Dalam kegiatan ini, tim kurator juga mengusulkan adanya lomba menulis esai pertunjukan teater yang dipentaskan dalam helat ini, serta workshop teater untuk pelajar. Dua helat ini, jelas Marhalim, sangat penting terkait penumbuhan apreasiasi serta proses regenerasi. Esai teater merupakan bagian dari kerja kritik teater yang memang semestinya berjalan seiring dengan pergerakan karya seninya. Selama ini, penulisan kritik teater terabaikan, yang menurut hemat kurator, disebabkan salah satunya oleh lemahnya upaya pembinaan.
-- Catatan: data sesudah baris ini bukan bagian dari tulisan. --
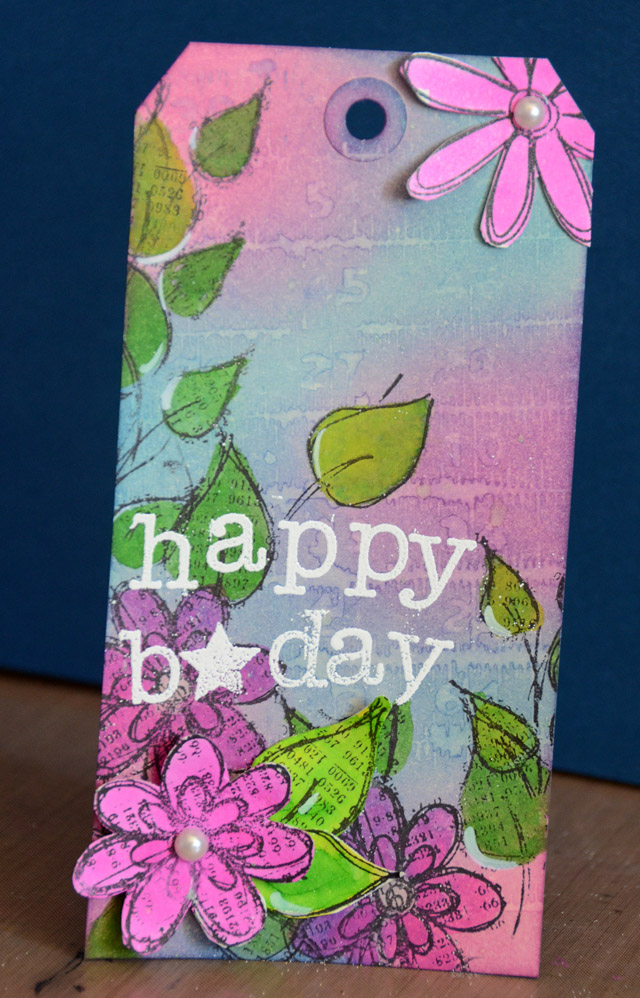 Like Cheiron, I heard green challenge and grabbed for my beloved Dylusions leaf stamps! I had a lot of creative fun making this tag and layering both stamps and colors as I created so much leafy (green) goodness. Combined with my favorite Dylusions flower stamp, as well as some summer distress to make my background I’ve now got a tag ready to place on a birthday package for someone special.

“Untuk bisa menggelar helat ini, kami para kurator dan pekerja teater bekerja keras dan berjuang agar Jagat Teater Riau bisa menjadi agenda tahunan di masa datang. Kesuksesan helat pertama ini menjadi titik awal kerja yang menjelaskan bahwa potensi teater sebagai ruang ekonomi kreatif sangat besar,” ungkap lelaki yang sukses mementaskan Opera Tun Teja ini.